**Assignment**
In the material below, find the line that contains "This manually operated" and the line that contains "Όλα συνέβησαν κατά", then write out exactly those two lines and everything between them.

**Supplied data**
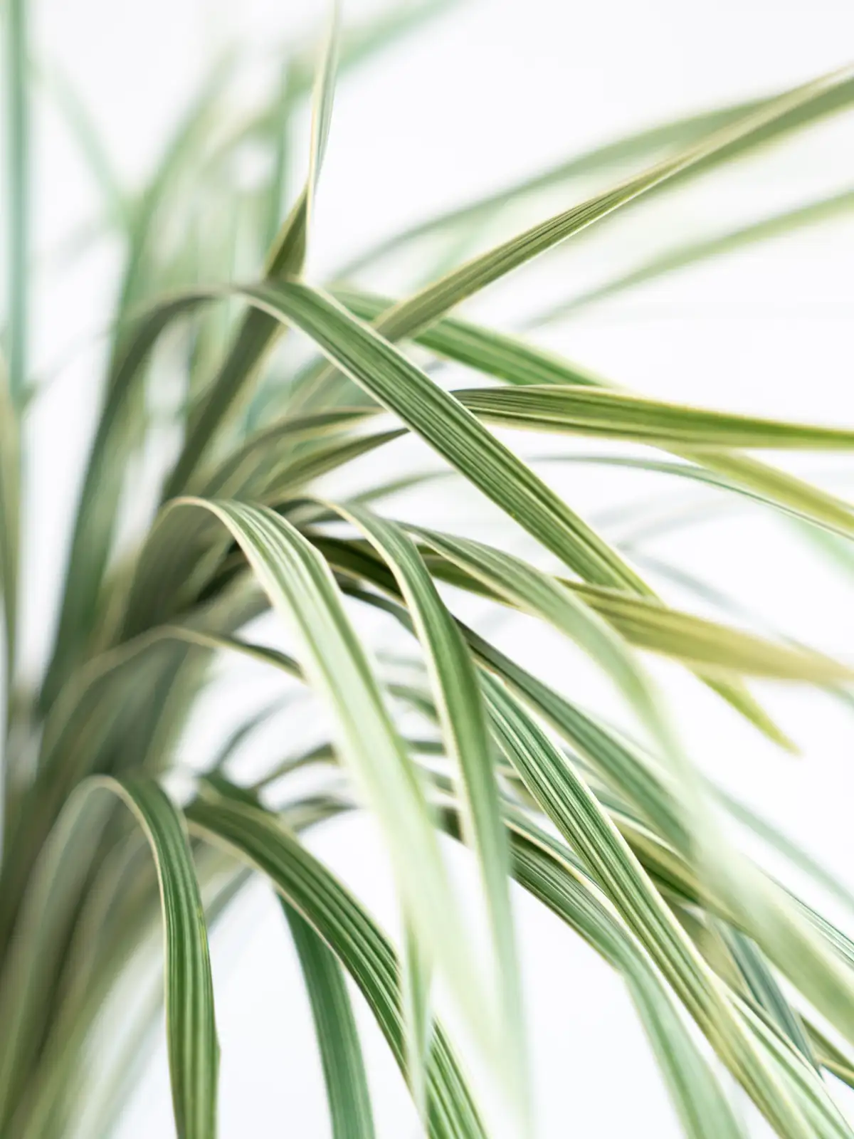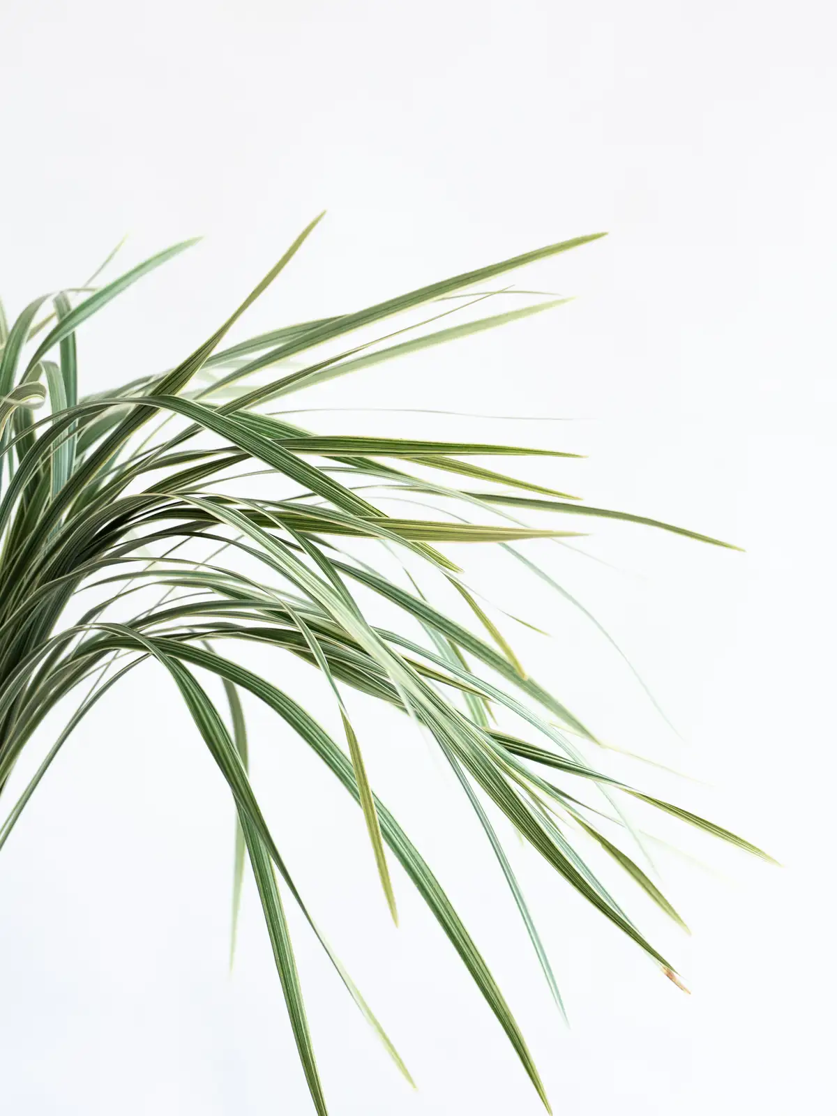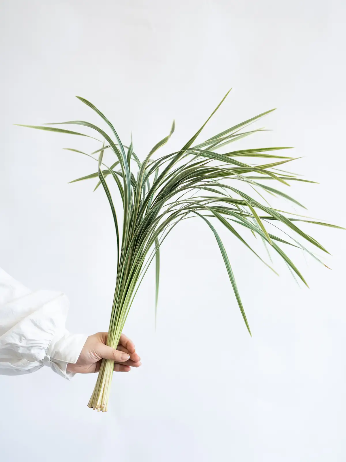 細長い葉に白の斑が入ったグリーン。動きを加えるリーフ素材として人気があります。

--

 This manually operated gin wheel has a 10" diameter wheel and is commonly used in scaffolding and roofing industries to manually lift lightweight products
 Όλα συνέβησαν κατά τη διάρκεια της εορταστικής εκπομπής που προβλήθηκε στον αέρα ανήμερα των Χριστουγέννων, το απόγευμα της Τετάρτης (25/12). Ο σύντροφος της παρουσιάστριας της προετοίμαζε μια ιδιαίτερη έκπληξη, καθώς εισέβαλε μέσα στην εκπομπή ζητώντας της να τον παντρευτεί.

...

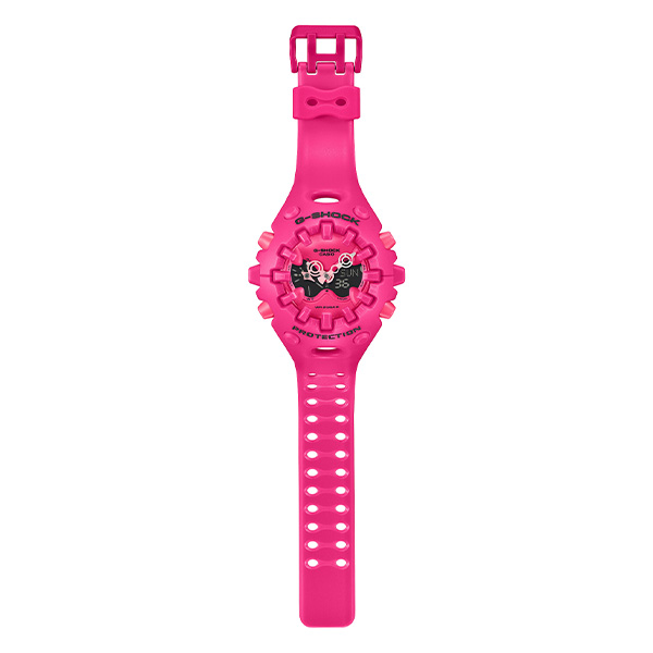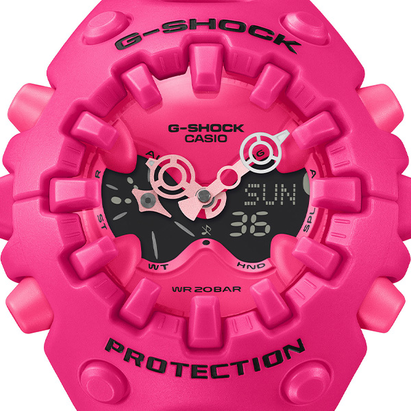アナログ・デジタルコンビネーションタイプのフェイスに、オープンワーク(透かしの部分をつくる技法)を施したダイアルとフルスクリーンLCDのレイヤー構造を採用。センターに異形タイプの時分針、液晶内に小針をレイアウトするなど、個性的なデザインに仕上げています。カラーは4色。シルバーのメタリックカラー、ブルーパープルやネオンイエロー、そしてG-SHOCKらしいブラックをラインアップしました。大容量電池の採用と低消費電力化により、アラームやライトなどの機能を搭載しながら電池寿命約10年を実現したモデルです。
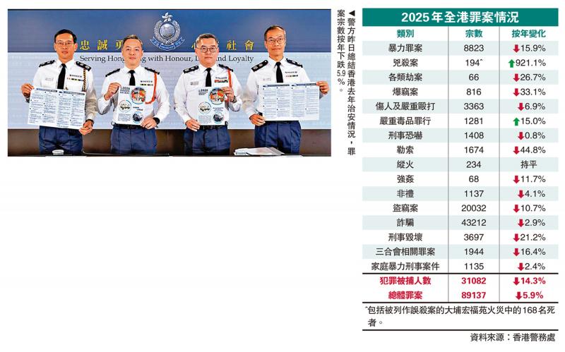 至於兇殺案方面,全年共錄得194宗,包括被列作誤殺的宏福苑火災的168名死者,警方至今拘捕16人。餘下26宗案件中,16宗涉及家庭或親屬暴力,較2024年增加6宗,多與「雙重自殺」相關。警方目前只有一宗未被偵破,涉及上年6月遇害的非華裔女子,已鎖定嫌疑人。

**Task result**
 This manually operated gin wheel has a 10" diameter wheel and is commonly used in scaffolding and roofing industries to manually lift lightweight products
 Όλα συνέβησαν κατά τη διάρκεια της εορταστικής εκπομπής που προβλήθηκε στον αέρα ανήμερα των Χριστουγέννων, το απόγευμα της Τετάρτης (25/12). Ο σύντροφος της παρουσιάστριας της προετοίμαζε μια ιδιαίτερη έκπληξη, καθώς εισέβαλε μέσα στην εκπομπή ζητώντας της να τον παντρευτεί.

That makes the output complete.